> **Required work**
Transcribe exactly the lines from the top of the records below through the line that holds "Find out the", both included, with no pictures.

> **Material provided**
━━━━━━
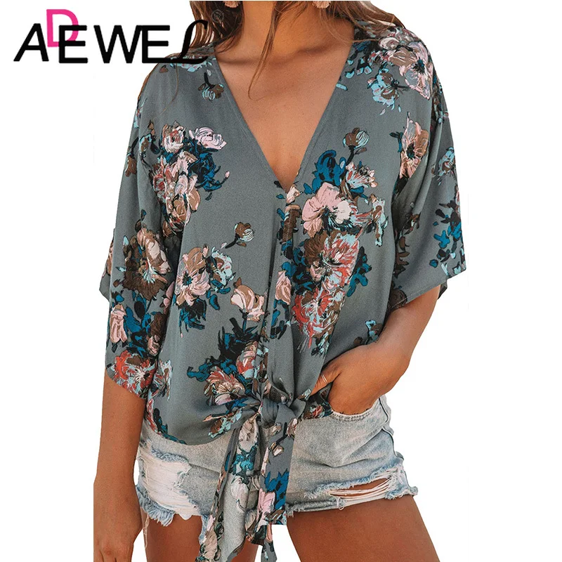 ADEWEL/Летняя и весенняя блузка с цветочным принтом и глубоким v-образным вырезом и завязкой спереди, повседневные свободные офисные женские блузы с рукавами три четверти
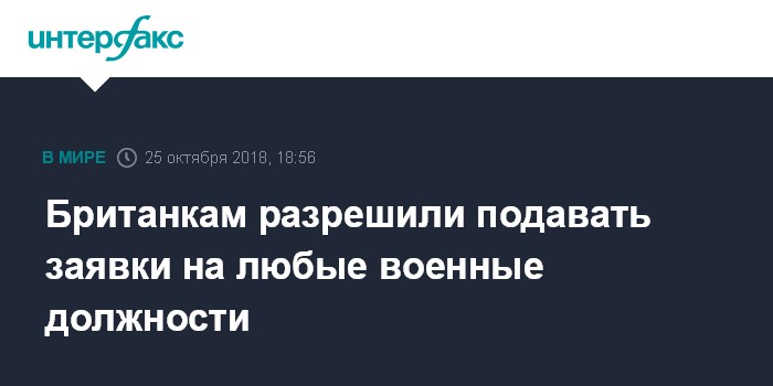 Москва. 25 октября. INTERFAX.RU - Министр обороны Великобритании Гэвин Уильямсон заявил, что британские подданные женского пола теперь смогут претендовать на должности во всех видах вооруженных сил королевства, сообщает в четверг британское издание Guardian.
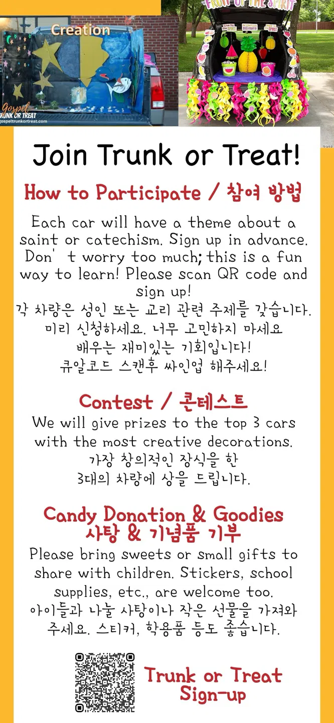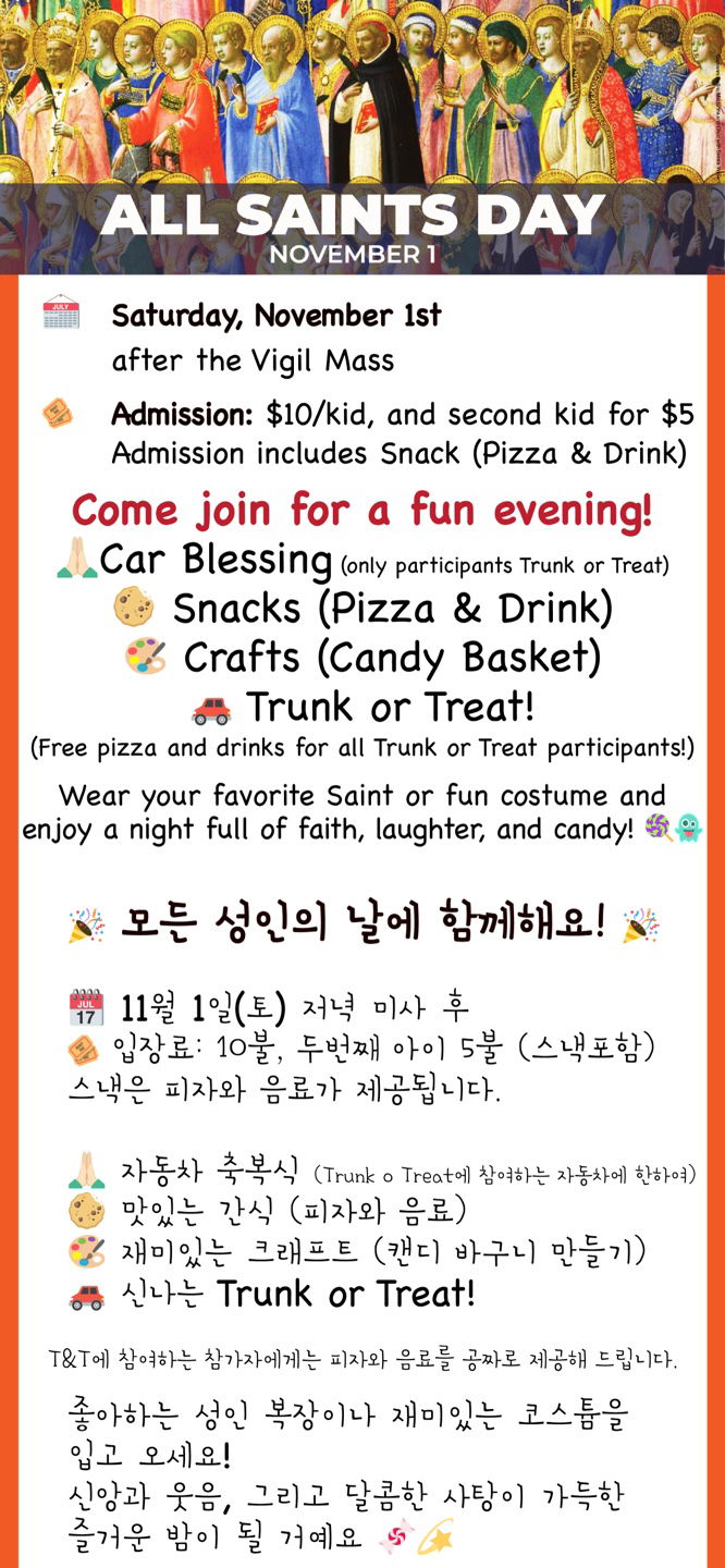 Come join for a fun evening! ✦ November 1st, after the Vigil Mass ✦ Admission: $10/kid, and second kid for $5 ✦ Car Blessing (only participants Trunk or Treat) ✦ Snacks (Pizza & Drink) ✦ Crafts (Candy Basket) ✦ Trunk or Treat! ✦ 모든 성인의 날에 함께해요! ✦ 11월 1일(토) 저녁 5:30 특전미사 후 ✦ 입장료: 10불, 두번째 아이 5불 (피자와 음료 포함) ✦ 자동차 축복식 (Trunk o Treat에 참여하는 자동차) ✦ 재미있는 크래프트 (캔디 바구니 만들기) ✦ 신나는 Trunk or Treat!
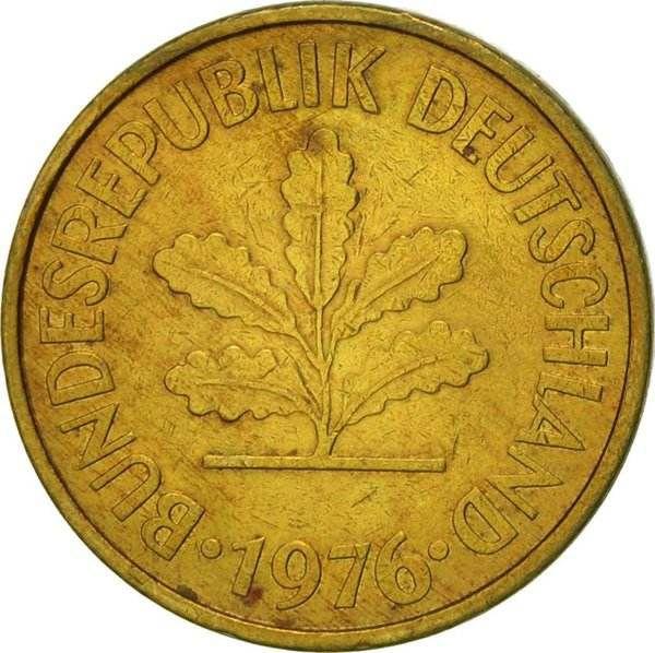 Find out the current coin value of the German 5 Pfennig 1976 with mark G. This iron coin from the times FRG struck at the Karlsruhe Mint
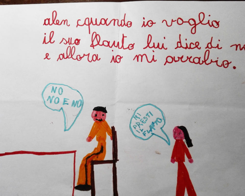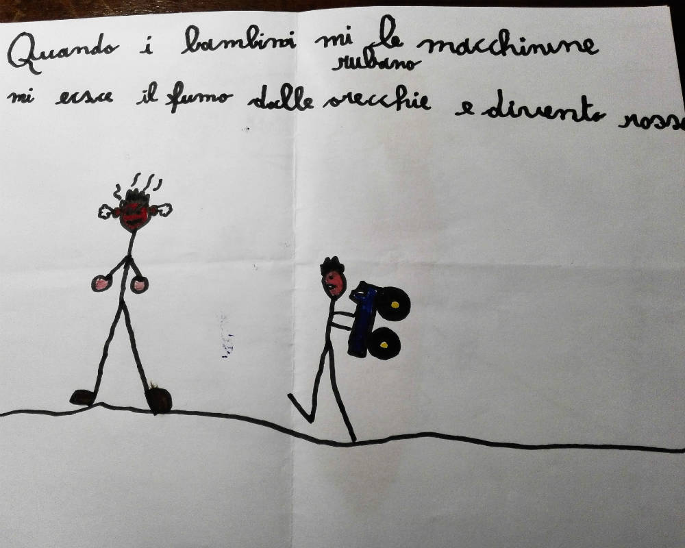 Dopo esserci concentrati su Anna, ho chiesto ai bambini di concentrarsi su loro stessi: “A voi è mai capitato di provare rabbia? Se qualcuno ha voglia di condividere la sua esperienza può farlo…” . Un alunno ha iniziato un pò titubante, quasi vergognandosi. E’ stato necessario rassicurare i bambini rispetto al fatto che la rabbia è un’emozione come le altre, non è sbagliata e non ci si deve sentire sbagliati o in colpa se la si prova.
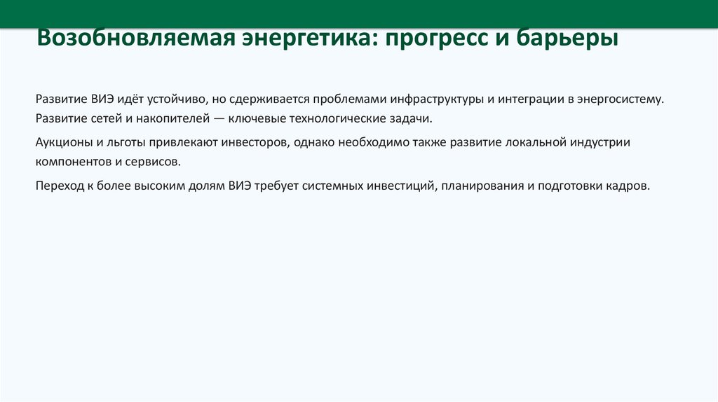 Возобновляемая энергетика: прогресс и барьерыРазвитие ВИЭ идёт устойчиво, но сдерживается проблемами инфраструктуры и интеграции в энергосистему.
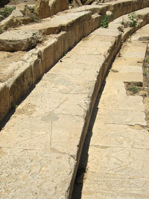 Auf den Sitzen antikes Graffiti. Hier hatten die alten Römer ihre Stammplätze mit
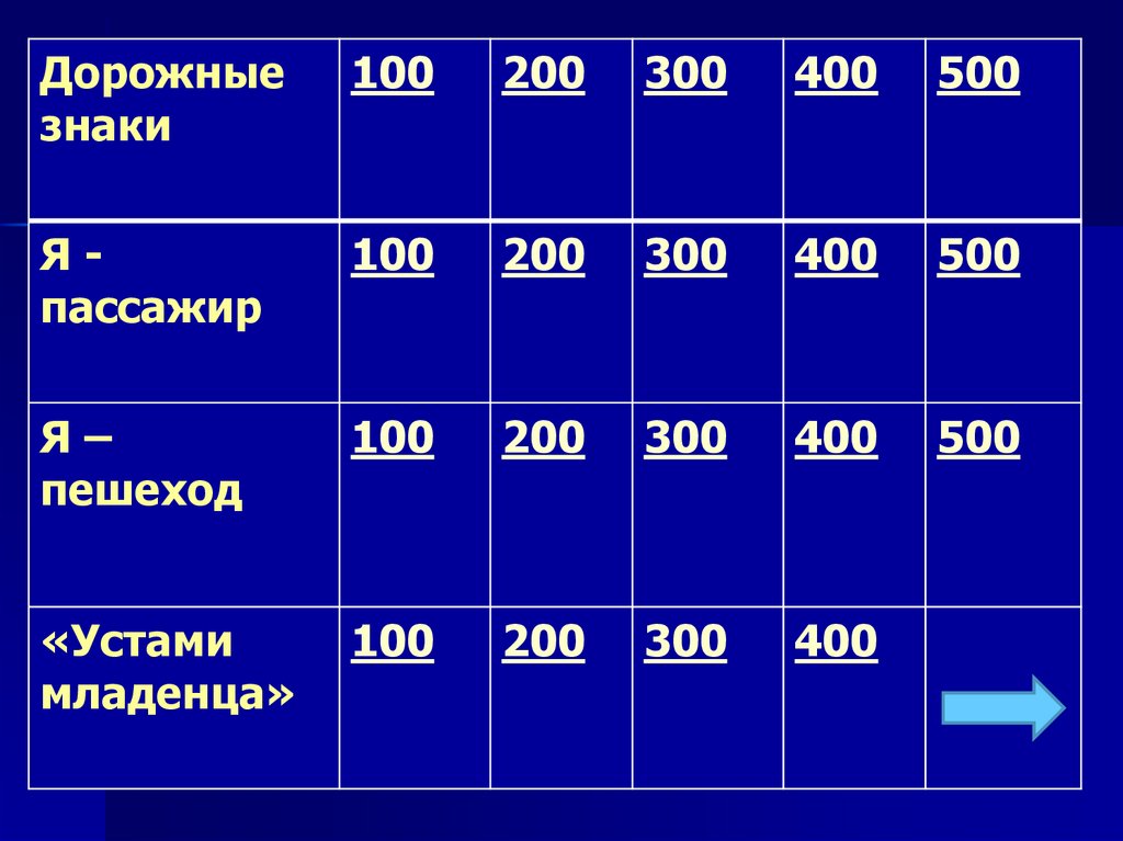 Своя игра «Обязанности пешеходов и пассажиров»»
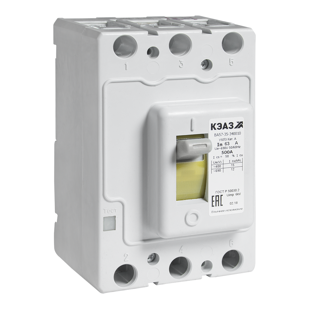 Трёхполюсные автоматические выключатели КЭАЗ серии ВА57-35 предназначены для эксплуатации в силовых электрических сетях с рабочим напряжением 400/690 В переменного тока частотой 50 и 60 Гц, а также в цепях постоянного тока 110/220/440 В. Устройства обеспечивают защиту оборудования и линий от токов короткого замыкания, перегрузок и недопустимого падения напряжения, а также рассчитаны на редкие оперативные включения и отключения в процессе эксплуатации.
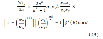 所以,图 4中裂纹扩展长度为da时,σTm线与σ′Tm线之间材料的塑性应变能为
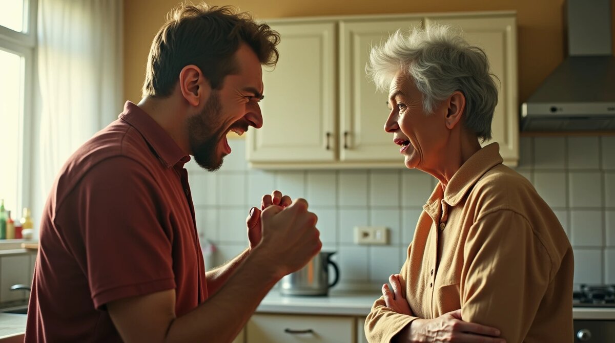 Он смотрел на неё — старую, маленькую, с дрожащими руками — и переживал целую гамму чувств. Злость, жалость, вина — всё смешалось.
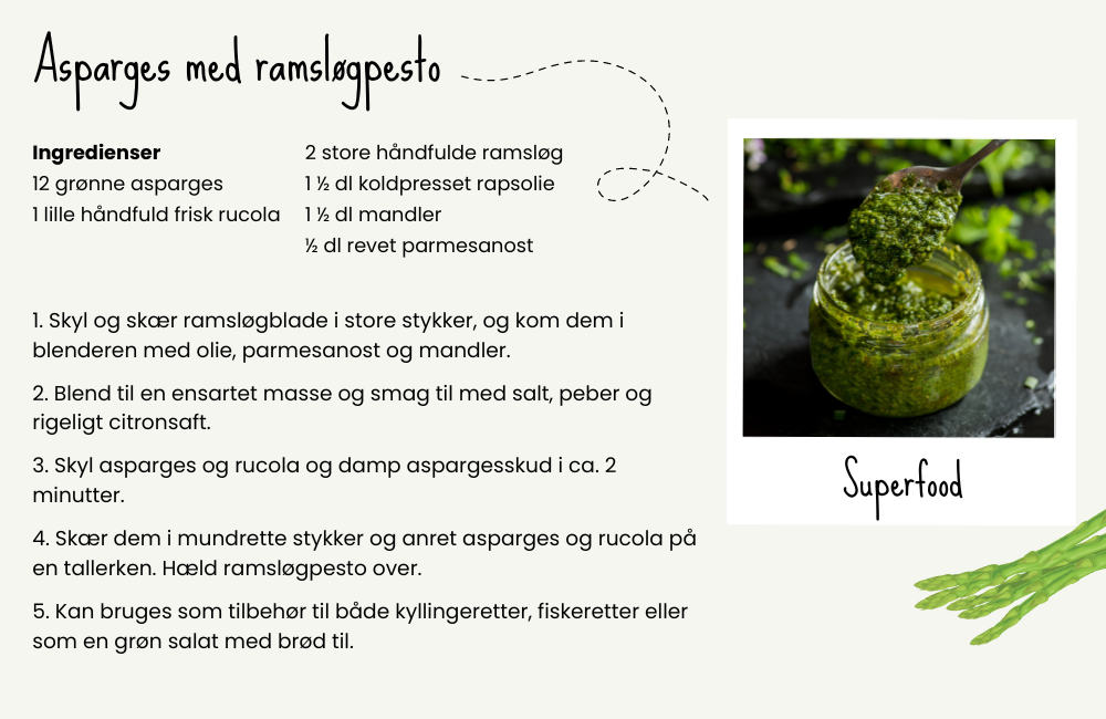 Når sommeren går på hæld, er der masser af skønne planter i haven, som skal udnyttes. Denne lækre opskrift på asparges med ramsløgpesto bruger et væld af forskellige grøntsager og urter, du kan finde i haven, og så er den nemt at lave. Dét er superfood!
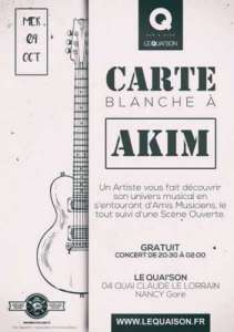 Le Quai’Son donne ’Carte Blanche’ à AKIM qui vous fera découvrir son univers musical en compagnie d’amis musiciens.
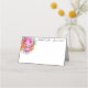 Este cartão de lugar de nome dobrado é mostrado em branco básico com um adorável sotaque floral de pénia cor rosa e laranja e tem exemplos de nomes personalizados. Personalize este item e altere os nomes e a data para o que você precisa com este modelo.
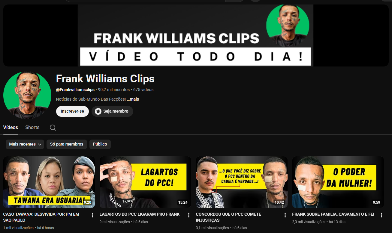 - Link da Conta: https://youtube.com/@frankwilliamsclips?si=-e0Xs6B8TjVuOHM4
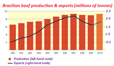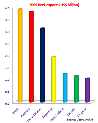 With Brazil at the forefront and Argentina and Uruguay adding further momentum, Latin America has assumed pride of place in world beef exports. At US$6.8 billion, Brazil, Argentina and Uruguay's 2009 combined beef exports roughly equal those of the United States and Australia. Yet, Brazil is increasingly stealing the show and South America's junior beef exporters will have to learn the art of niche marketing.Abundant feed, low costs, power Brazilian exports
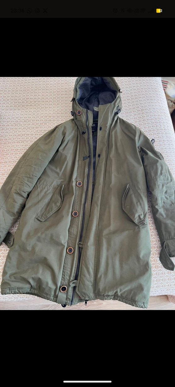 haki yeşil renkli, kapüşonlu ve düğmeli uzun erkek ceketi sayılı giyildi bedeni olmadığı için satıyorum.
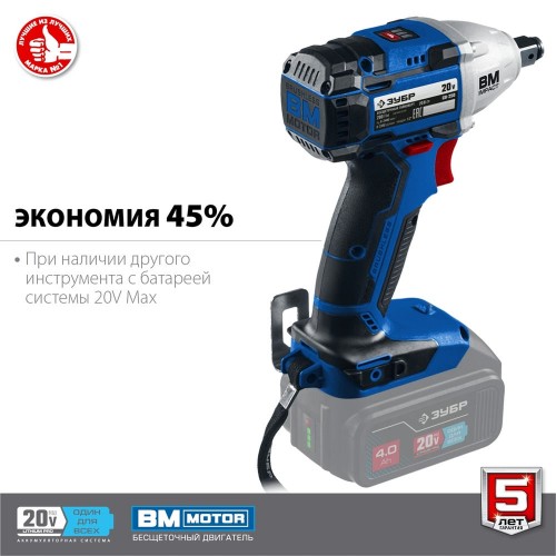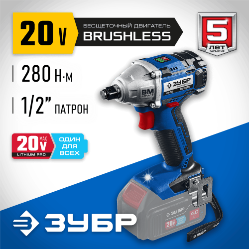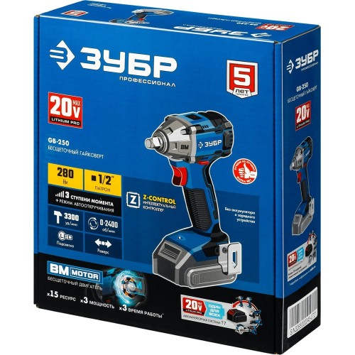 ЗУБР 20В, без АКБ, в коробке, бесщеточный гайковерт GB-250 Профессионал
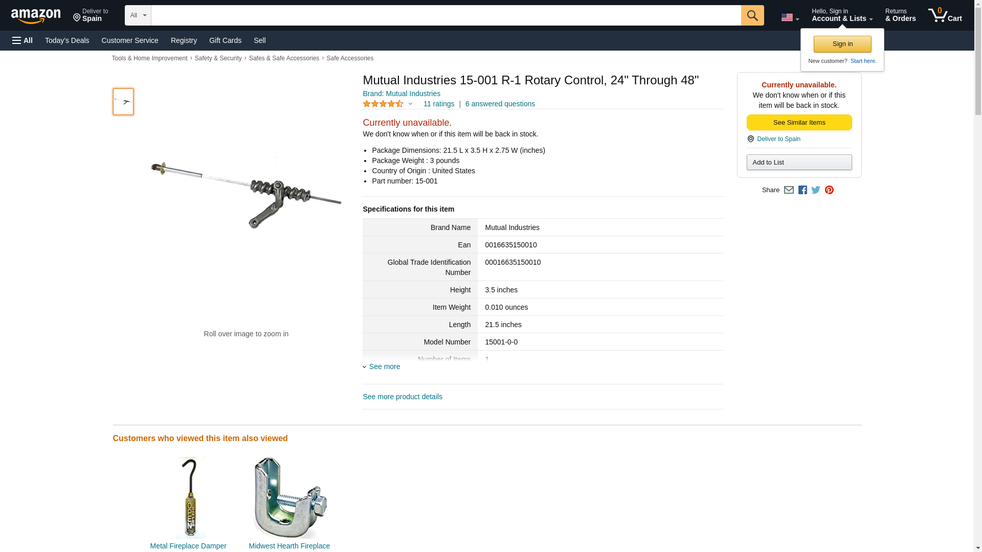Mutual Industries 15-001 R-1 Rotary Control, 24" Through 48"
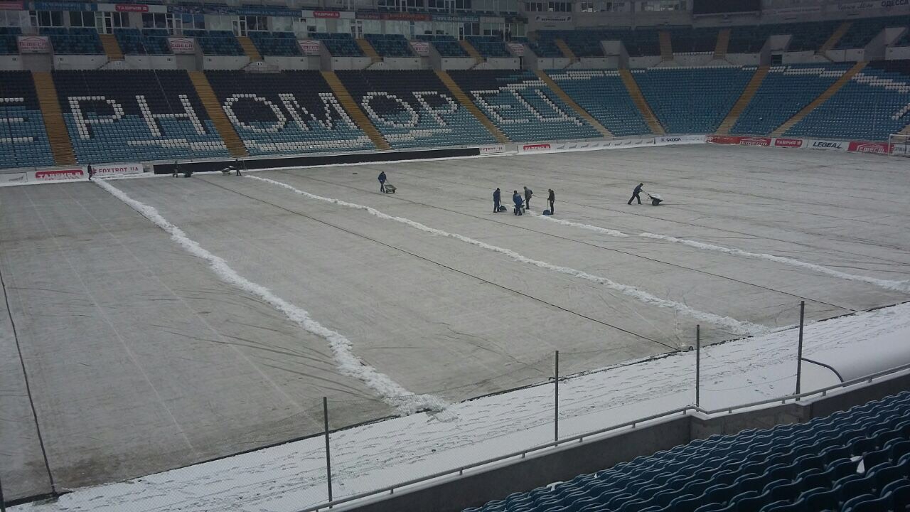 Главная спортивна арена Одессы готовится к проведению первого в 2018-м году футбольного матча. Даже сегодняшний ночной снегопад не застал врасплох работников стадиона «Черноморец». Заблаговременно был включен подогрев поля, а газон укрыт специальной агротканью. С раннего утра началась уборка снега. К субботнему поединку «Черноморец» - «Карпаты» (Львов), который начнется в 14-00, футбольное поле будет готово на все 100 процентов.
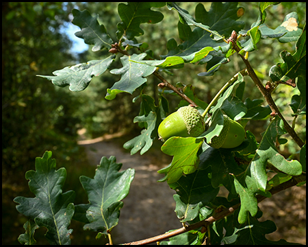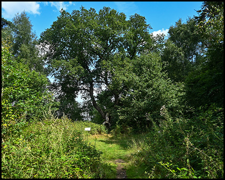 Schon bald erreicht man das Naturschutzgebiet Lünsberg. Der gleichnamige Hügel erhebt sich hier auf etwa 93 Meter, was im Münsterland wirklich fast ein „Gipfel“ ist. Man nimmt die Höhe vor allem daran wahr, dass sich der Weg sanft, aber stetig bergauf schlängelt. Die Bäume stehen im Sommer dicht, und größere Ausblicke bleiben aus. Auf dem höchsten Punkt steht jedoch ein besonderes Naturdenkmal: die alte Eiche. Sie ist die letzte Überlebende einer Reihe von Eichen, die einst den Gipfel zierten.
━━━━━━
> **Response area**
 ADEWEL/Летняя и весенняя блузка с цветочным принтом и глубоким v-образным вырезом и завязкой спереди, повседневные свободные офисные женские блузы с рукавами три четверти
 Москва. 25 октября. INTERFAX.RU - Министр обороны Великобритании Гэвин Уильямсон заявил, что британские подданные женского пола теперь смогут претендовать на должности во всех видах вооруженных сил королевства, сообщает в четверг британское издание Guardian.
 Come join for a fun evening! ✦ November 1st, after the Vigil Mass ✦ Admission: $10/kid, and second kid for $5 ✦ Car Blessing (only participants Trunk or Treat) ✦ Snacks (Pizza & Drink) ✦ Crafts (Candy Basket) ✦ Trunk or Treat! ✦ 모든 성인의 날에 함께해요! ✦ 11월 1일(토) 저녁 5:30 특전미사 후 ✦ 입장료: 10불, 두번째 아이 5불 (피자와 음료 포함) ✦ 자동차 축복식 (Trunk o Treat에 참여하는 자동차) ✦ 재미있는 크래프트 (캔디 바구니 만들기) ✦ 신나는 Trunk or Treat!
 Find out the current coin value of the German 5 Pfennig 1976 with mark G. This iron coin from the times FRG struck at the Karlsruhe Mint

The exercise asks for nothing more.